You do not receive your autosome chromosomes genotype in random or alpabetically. You actually receive all your autosomes from each of your parents as smaller or larger segments of haplotypes. A haplotype is basically your autosomal genotype split into two where usually each come from one of your parents. To be able to make your autosomal genotype into a autosomal haplotype the genotype must go trough a procedure called phasing where segments or blocks of haplotypes are reconstructed. These segments or blocks of haplotypes constists of a range of SNP's that is close to each other and because they are close to each other they are unlikely to recombine or split into two in each generation.

These haplotypes you probably share with many other fellow Fennoscandians and Europeans, however you likely share more haplotypes with people or populations belonging to the same ethnicity, close in geography or close in history based on known historical or prehistorical events. Also the segment size or length have a similar connection. You share longer segments with people or populations with the above mentioned reasons than with others. Also finally you likely share more mutations with these populations than others.

NEW SOFTWARE CHROMOPAINTER AND FINESTRUCTURE:

There is a new program called Chromopainter and Finestructure that exploits autosomal haplotype information in genetic analysis. I have now done a preliminary analysis using 1-6 chromosomes. The goal is to exploit all 22 chromosomes. The software generates new plots that may be new to many of you called heatmaps. These maps use colors to show the relationships between individuals and groups. Yellow beeing the most distant genetically while blue being the closest. Genetic similar people usually form groups based on their similarity. The program generates 3 basic heat maps called chunkcount map, chunklenght map and mutation map.

RESULTS: CHUNKCOUNTS


The chunkcount map shows the number of haplotypes shared between individuals including not identical but related haplotypes.  It can tell more about common ancestry maybe ancient between groups. In Fennoscandia the program structures the participants into 5 main groups. 1) North-Saami except SA3 2) South-Saami with SA3 and SWE7 3) Finns 4) Swedish and Norwegians 5) Mixed groups consisting of mixed individuals of Scandinavia-Saami, Swedish-Finns and some Ostrobotnian Finns.

The tree shows that North-Saami and Finns share a subbranch while the South-Saamis and the Mixed group share similarly a closely related subbranch. This subbbranch if at the next higher level shared with the Lithuanians, Belorussians and the Vologda Russians. The Scandinavians on the other share a higher level branch with the French, Italians, Hungarians and Romanians. Please note that the Scandinavians and Saami/Finns split from each other at the highest level.

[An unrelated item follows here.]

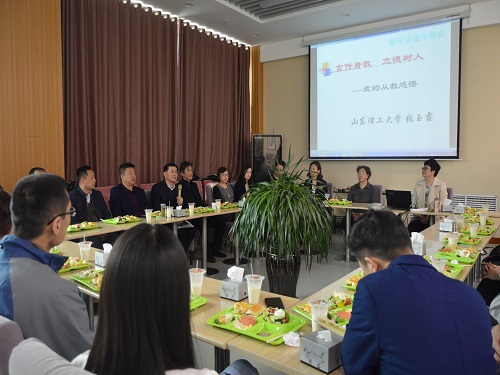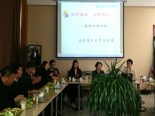 (本站讯) 4 月10号中午,由教务处教师发展中心主办fun88官网体育协办的教学沙龙午餐会于公司梅园餐厅顺利举行。我院张玉霞老师做了“‘言传身教,立德树人’——张玉霞从教感悟”的报告。这次教学沙龙是教师发展中心第一次以午餐会的形式开展,面向全校教师网上报名,限额25人参会。参加午餐会的有副董事长魏修亭、教务处处长任传波、我院副书记孙钦泉、副经理王圣及我院部分教师。

This map can also be presented with populations labels that can be useful in the PCA plot:




For invidual assesment of relationships the pairwise plot should be used:



The identified populations can be presented in a PCA plot:

RESULTS: CHUNKLENGHTS

The Chunklenghts show the lenght of each shared segments seen in the earlier Chunkcounts. Larger segments usually means more recent common ancestry, while smaller opposite. The tree structure is much the same as desribed for chunkcounts but the south-saami group have dissappeared and dived into the North-Saami and into the Mixed group. Also there have been some minor movement of Finns between Finns and the Mixed group. The Finns also appears to have stronger internal sharing in segment lenght than in number of segments. Else the heatmap appears much the same as for chunkcounts.

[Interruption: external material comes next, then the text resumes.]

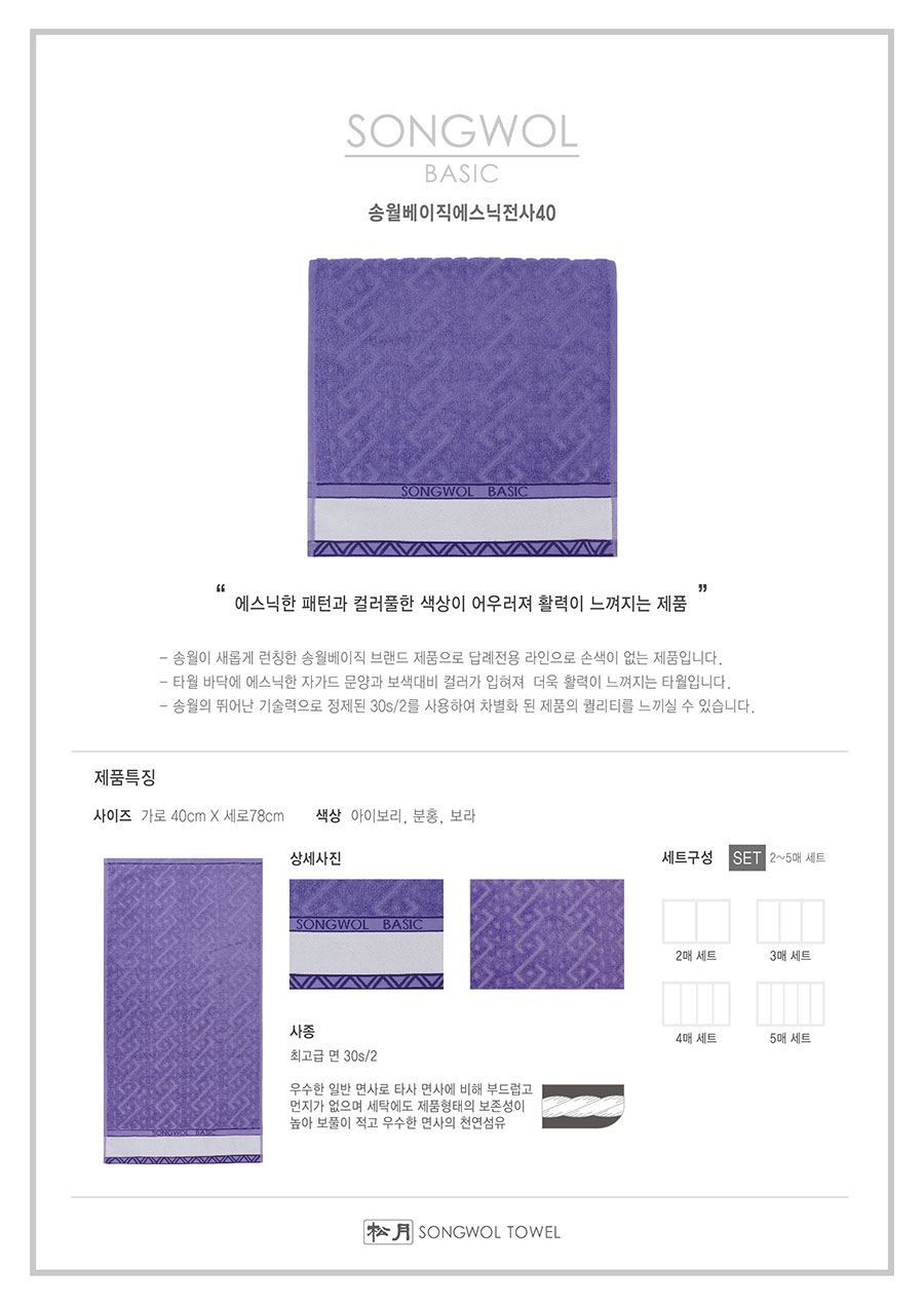 40*78cm , 140g / 최고급 30수 면 100%

This map can also be presented with populations labels that can be useful in the PCA plot:



For invidual assesment of relationships the pairwise plot should be used:


The identified populations can be presented in a PCA plot:

RESULTS: MUTATIONS

The mutations matrix show the number of SNP than have mutated compared to other haplotypes.  This map is not as clean cut as the earlier presented and should strictly to be considered preliminary, it probably need more chromosomes added to get a better assignment and tree structure. In this plot most Scandinavians are spread out on a large branch consisting of the panel of continental Europeans like French, Italians, Hungarians, Romanians and Belorussians, and only a few with Lithuanians and Vologda Russians. The North-Saami is all in one group here, the South-Saami and Finns have dispersed into what appears as two mixed groups.


This map can also be presented with populations labels that can be useful in the PCA plot:


For invidual assesment of relationships the pairwise plot should be used:


The identified populations can be presented in a PCA plot:

PRELIMINARY END DISCUSSION:
FINNS AND THE SAAMI

The number of shared segment analysis and the lenght of these segments appears extreme among the Saamis and to a lower extent with the Finns (also similar with continentals like Lithuanians and Italians).

There can be several reasons for these higher levels of number of shared segments and the lenght of these segments 1) foundereffect giving a pool of similar haplotypes 2) genetic drift that kills of or fixated haplotypes 3) lack of gene inflow or/and outflow reducing diversity of haplotypes that can match with other populations 4) mutations only found within the group reducing the matching of segments with other populations.

The large number of shared haplotypes and large lenght of these haplotypes you may be tempted to suggest that any outlierness among the Saami and secondary also Finns is due to a shallow foundereffect and following genetic drift however the mutational matrix may suggest at least partly a different history.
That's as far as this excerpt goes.